Since the Hong Kong government has vast reserves and consistent surpluses, it does not need to issue debt except as PR stunts (like trying to stimulate a market in ‘Islamic’ bonds for no obvious reason) or to by-pass the Legislative branch on financing white-elephant projects (the third runway). Moody’s warning is on one level just academic.
Pro-Beijing and other detractors hurry to remind us that Moody’s gave overly generous ratings to mortgage derivatives and key players involved in the 2008 meltdown. This is true. Are they saying that the ratings agencies have not since mended their ways? In which case, we should conclude that Moody’s is understating the extent to which Hong Kong is screwed.
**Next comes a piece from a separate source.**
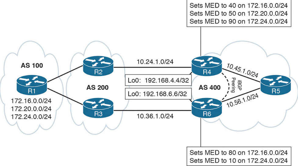 R4 advertises the 172.16.0.0/24 prefix with a MED of 200, and R5 selects R4’s path as the best path because no other paths exist.
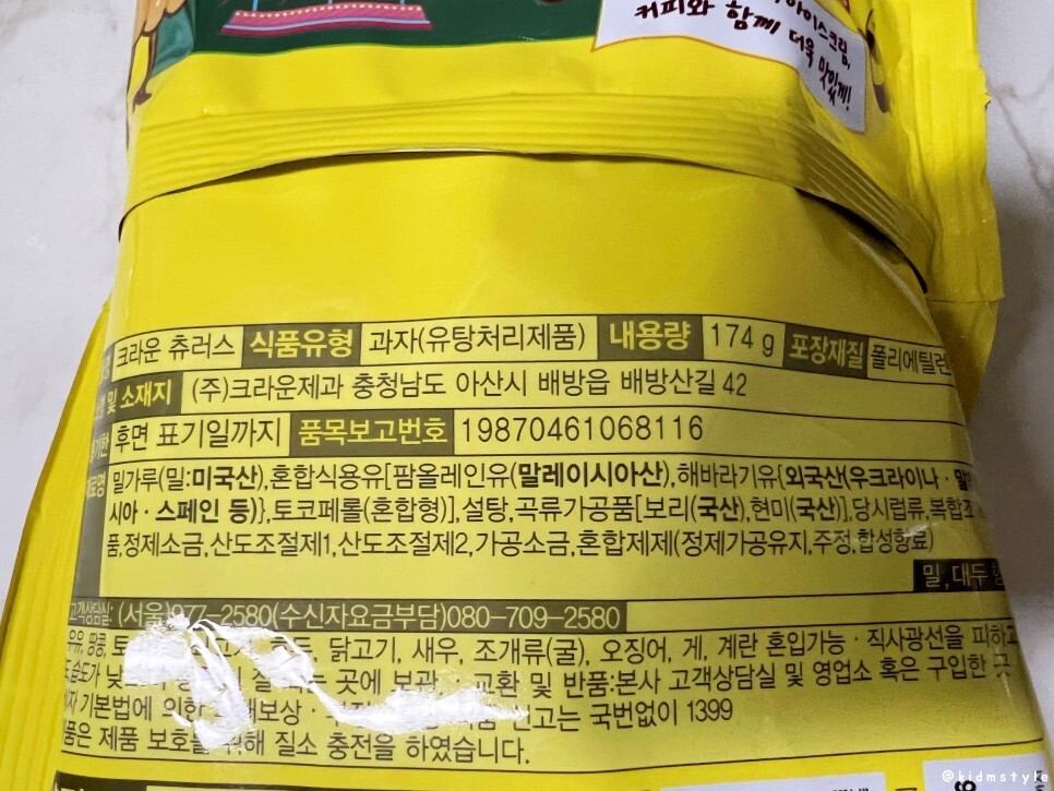 크라운 츄러스 영양성분 정보

John Tsang and fellow officials are upset by what Moody’s is saying in its deep-down, between-the-lines sort of way. The agency suggests that Hong Kong’s high exposure to the Mainland economy is a Bad Thing – the exact opposite of the official line about Belt-and-Road/integration/blah-blah, but pretty similar to what young localist radicals say. Even more scarily, Moody’s says that ‘political linkages with China are weighing on Hong Kong’s institutional strength’.
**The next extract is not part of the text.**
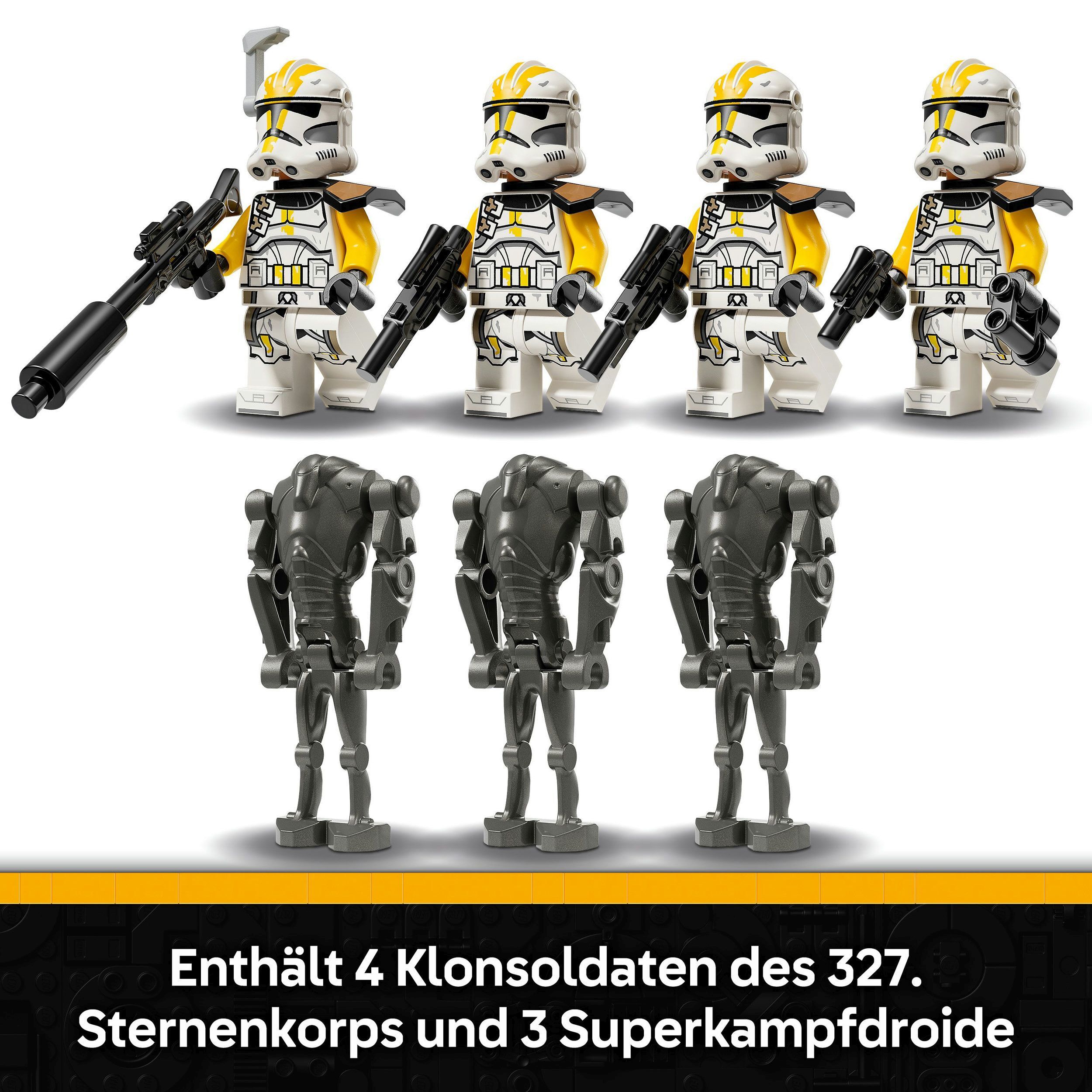 LEGO® Star Wars 75431 Klonsoldaten des 327. Sternenkorps Battle Pack Dieses Battle Pack (75431) zu LEGO Star Wars: Die Rache der Sith bringt actiongeladenen Spielspaß für junge Fans ab 7 Jahren. Mit vier LEGO Star Wars Minifiguren der Klonsoldaten des 327. St...

Here it is alluding to a whole range of trends over the last few years that few members of polite society dare mention in public, let alone connect as dots:
the Hong Kong government’s selective/biased handling of broadcasting licences, university appointments, policing of protests, public-prosecution decisions, electoral rules;a marked tendency for senior officials to parrot Beijing-speak (Belt-Road-babble, motherland/integration/cooperation-blather), growing use of government ‘public interest’ information resources for obviously political campaigns;the growing influence of Chinese state-linked companies and businessmen in local media, finance, trading and other sectors, and the listing of whacko-governance Mainland firmson our exchange;Beijing-backed intimidation/smearing of critics, and recently, a damning precedent for Mainland security agents to kidnap people off the streets of Hong Kong and transfer them over the border for forced confessions, with no reference to local laws or authorities.
We could add (though it is also a way to feed co-opted business interests) the vast expenditure of public funds on needless infrastructure projects to symbolize Hong Kong ‘integration’ (HK-Zhuhai Bridge, HK-Shenzhen High-Speed Rail). And more.
Moody’s mentions none of these items by name. But in the Hong Kong and international business establishment, it is not done to talk even about the possibility of any such things. You sweep these elephants-in-the-room under the carpet and don’t rock the boat. The bureaucratic elite play along. How else can John Tsang and Chief Secretary Carrie Lam stay sane? Otherwise, they have to face the fact that they have lost their moral bearings, serving an administration that is entangling Hong Kong into Beijing’s Leninist system of control. The pressure will be on the other ratings agencies not to follow Moody’s in finding that the Emperor is not wearing any clothes.